[What needs to be done]: The response should consist of every line below, restated exactly, with no pictures.

[Supplied information]:
--- START ---
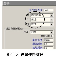在平行精加工表格的策略树中,双击切入切出与连接树枝,将它展开。单击连接树枝,调出连接选项卡,按图2-12所示设置连接参数。
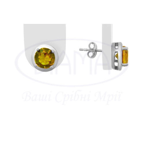 Сережки срібні з круглим султанітом, якому властиво змінювати відтінок при різному освітленні до зеленого, жовтого, малинового або яскраво помаранчевого. Срібло 925 проби, покрите родієм. Розмір камня 9,5 мм.
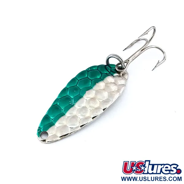 Con un peso di 7 g (1/4 oz), la caratteristica texture martellata di questo ondulante crea riflessi sfaccettati per attirare i predatori in diverse condizioni di luce. Lungo 4 cm (1 1/2"), l'Acme Little Cleo (codice prodotto: 10279) presenta una livrea Hammered Nickel / Green, con vernice verde vibrante su metà della faccia e base in nichel lucido sull'altra metà. La sua esclusiva forma a gobba è un segno distintivo della produzione americana Acme, progettata specificamente per lanci a lunga distanza e traina. La componentistica include un robusto anello spaccato collegato a un'ancoretta affilata con finitura argentata. Valutata 5/5, l'esca è eccezionalmente ben conservata, con una brillantezza intatta sia sulla parte frontale martellata che sul retro liscio.
--- END ---
[Exercise response]:
在平行精加工表格的策略树中,双击切入切出与连接树枝,将它展开。单击连接树枝,调出连接选项卡,按图2-12所示设置连接参数。
 Сережки срібні з круглим султанітом, якому властиво змінювати відтінок при різному освітленні до зеленого, жовтого, малинового або яскраво помаранчевого. Срібло 925 проби, покрите родієм. Розмір камня 9,5 мм.
 Con un peso di 7 g (1/4 oz), la caratteristica texture martellata di questo ondulante crea riflessi sfaccettati per attirare i predatori in diverse condizioni di luce. Lungo 4 cm (1 1/2"), l'Acme Little Cleo (codice prodotto: 10279) presenta una livrea Hammered Nickel / Green, con vernice verde vibrante su metà della faccia e base in nichel lucido sull'altra metà. La sua esclusiva forma a gobba è un segno distintivo della produzione americana Acme, progettata specificamente per lanci a lunga distanza e traina. La componentistica include un robusto anello spaccato collegato a un'ancoretta affilata con finitura argentata. Valutata 5/5, l'esca è eccezionalmente ben conservata, con una brillantezza intatta sia sulla parte frontale martellata che sul retro liscio.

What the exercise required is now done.